LAUSR

Abstract The impact of the synthesis method and morphology of the LaFe0.5Sb1.5O6 samples on their catalytic activity in CO oxidation was studied in detail. The samples obtained by solid-phase reaction and co-precipitation showed higher catalytic activity. The features of the morphology, which cause the lowering of catalytic activity, were revealed for the samples synthesized in molten salts with and without preliminary microwave-hydrothermal treatment. A comparative study of all synthesized rosiaites LnFe0.5Sb1.5O6, Ln = La–Pr, LaFe0.5-xGaxSb1.5O6 and also pyrochlore Pr2(Fe,Sb)O7 using an in situ diffuse reflection IR spectroscopy method was undertaken to clarify the mechanism of CO oxidation. It was revealed that in the course of the reaction the intermediate complexes of metal carbonyls are formed on the surface.

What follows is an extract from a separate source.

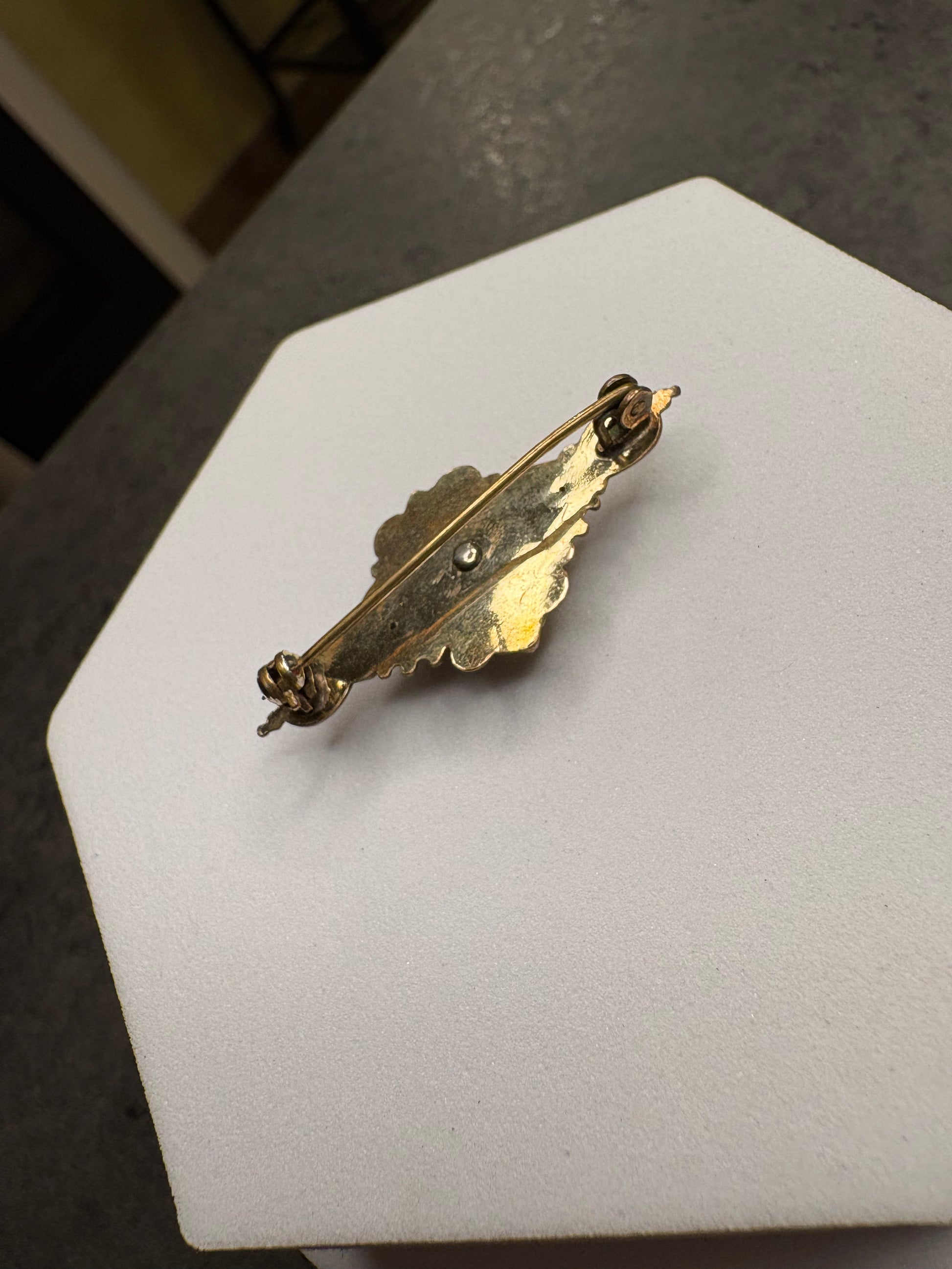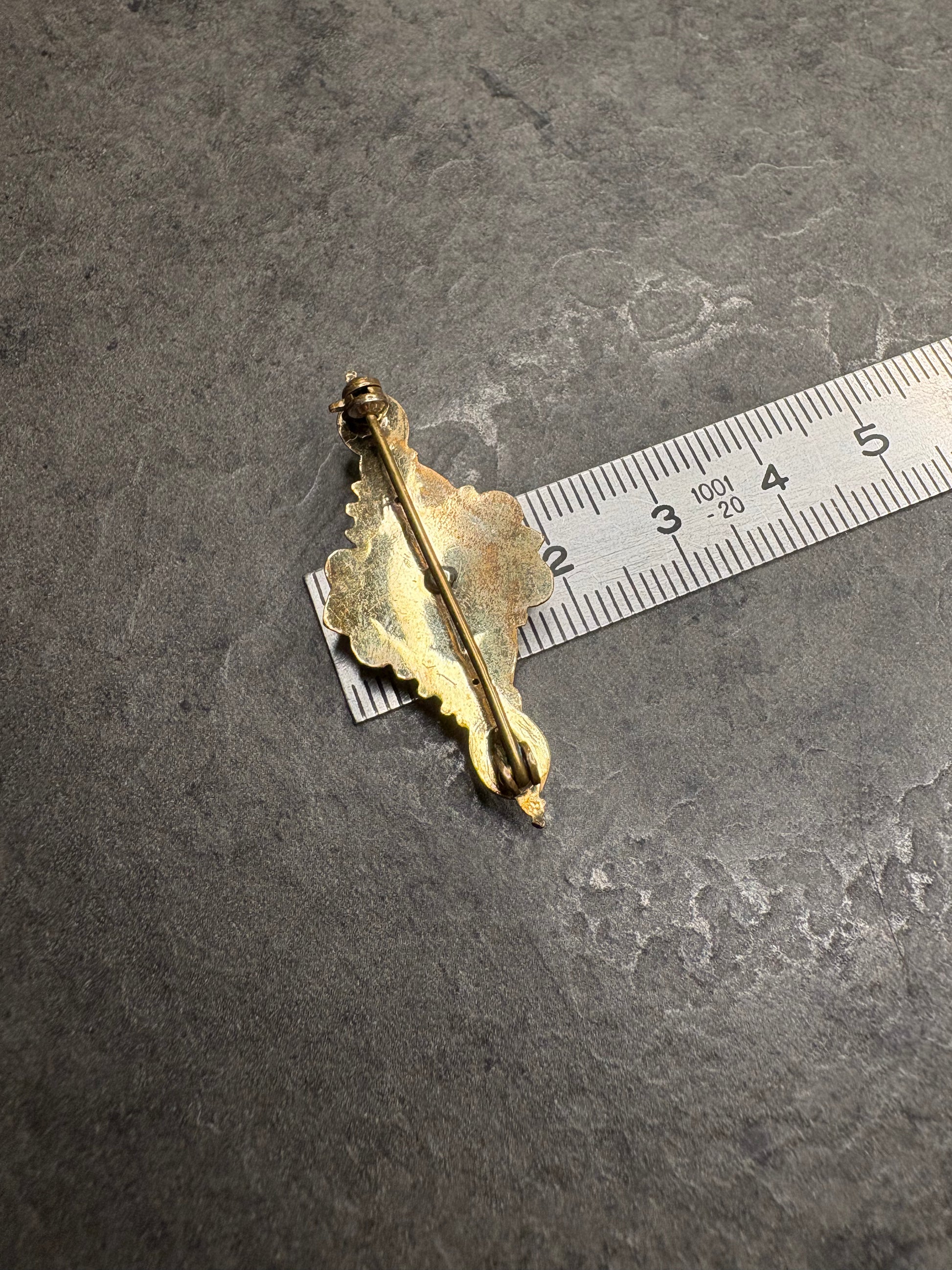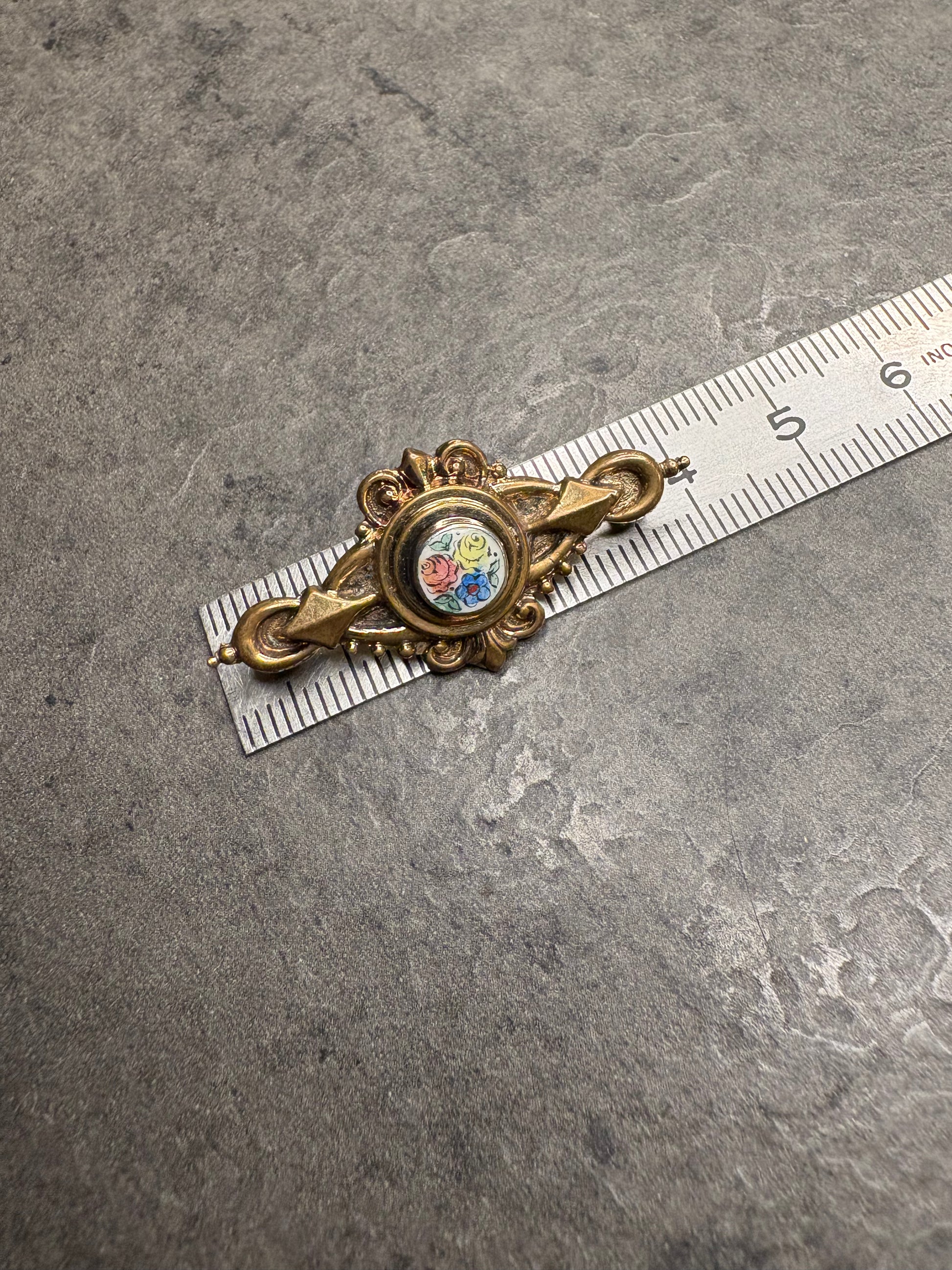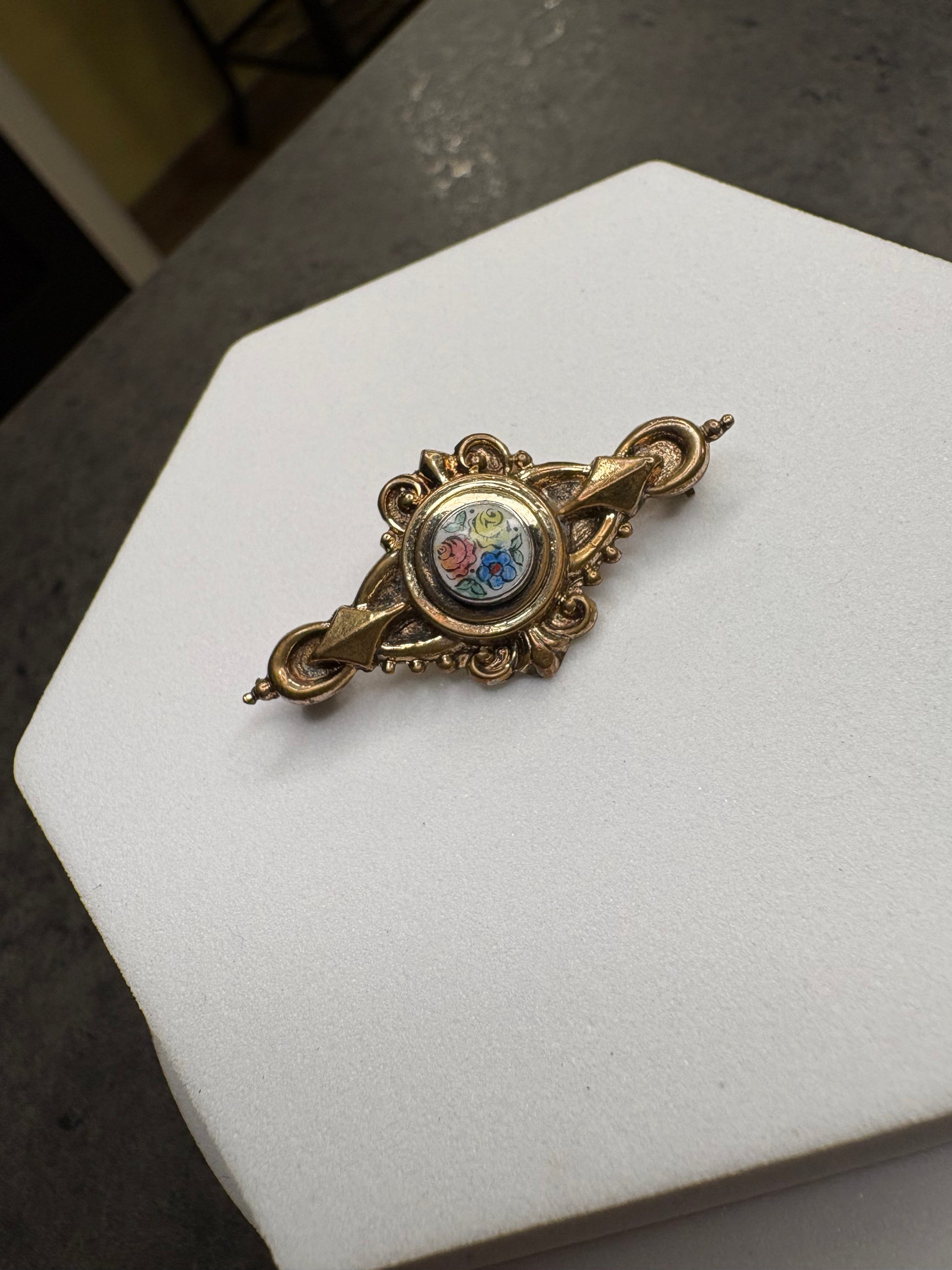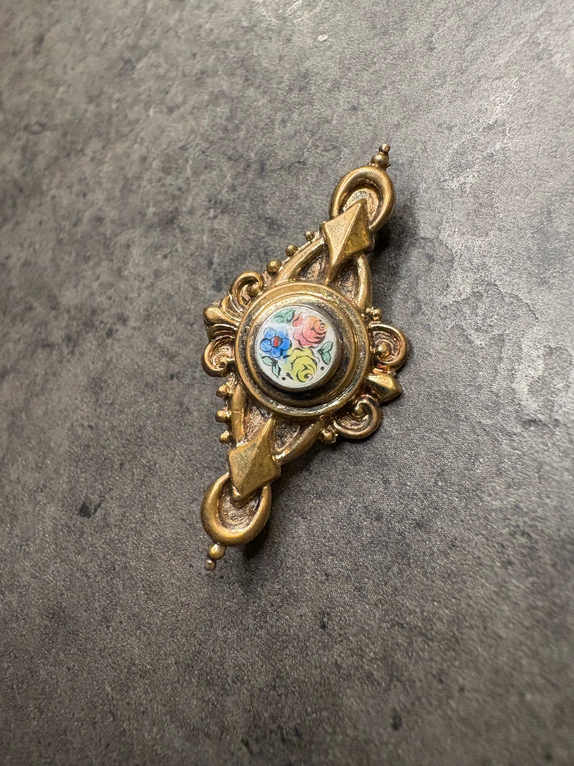 Questa spilla colpisce per il suo gusto ottocentesco e romantico. La struttura in metallo dorato è finemente lavorata con motivi ornamentali e volute, creando una cornice elaborata e preziosa. Al centro è inserita una miniatura dipinta a mano, raffigurante un delicato bouquet di fiori dai toni pastello, protetta da una cupola trasparente. È un gioiello dal forte sapore sentimentale, tipico delle spille antiche da dono o da ricordo, elegante e ricercato.
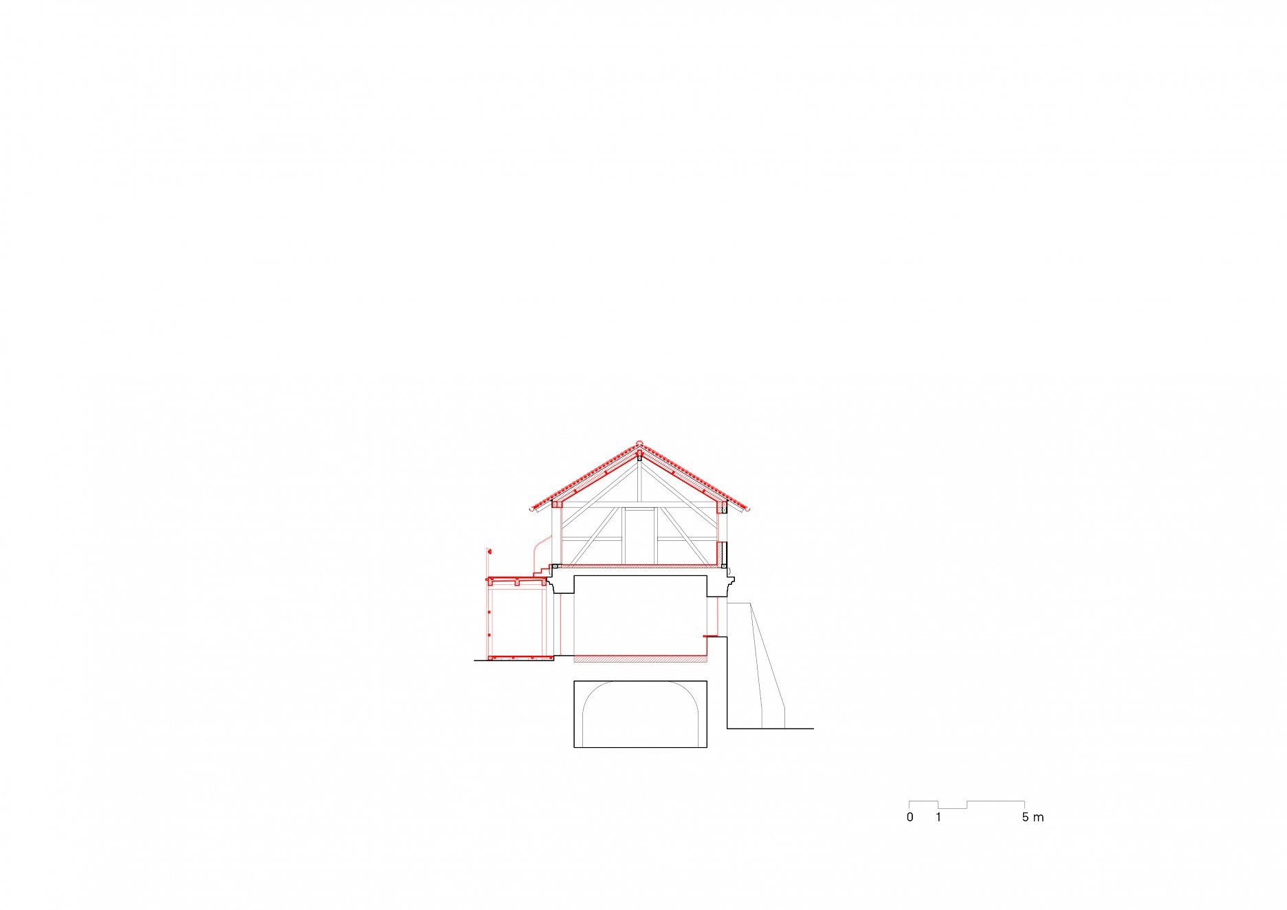 Autori sa rozhodli izolovať konštrukcie druhého nadzemného podlažia zvnútra. Vďaka tomu sa im podarilo zachovať patinu pôvodnej drevenej fasády, ktorá je stále zdravá. Najvýraznejšou zmenou prešiel východný štít budovy. Pribudlo výrazné presklenie, ktoré otvára výhľady do krajiny.

At the same time, inactive carbonyls, which exist on the of Ce- and Pr-containing samples surface before the reaction mixture is fed, were found. This feature gives rise to a decrease in their catalytic activity. A reaction mechanism occurring via intermediate carbonyl complexes on the active centers - [Sb3+ - VO- - Fe3+] – is proposed. The CO oxidation on completely gallium-substituted samples indicates the existing of an additional channel for proceeding of redox process, which is not associated with Fe3+. It is suggested that the nature of this channel is possibly associated with a rosiaite layered structure, which creates a unique environment conducive to complex adsorption phenomena.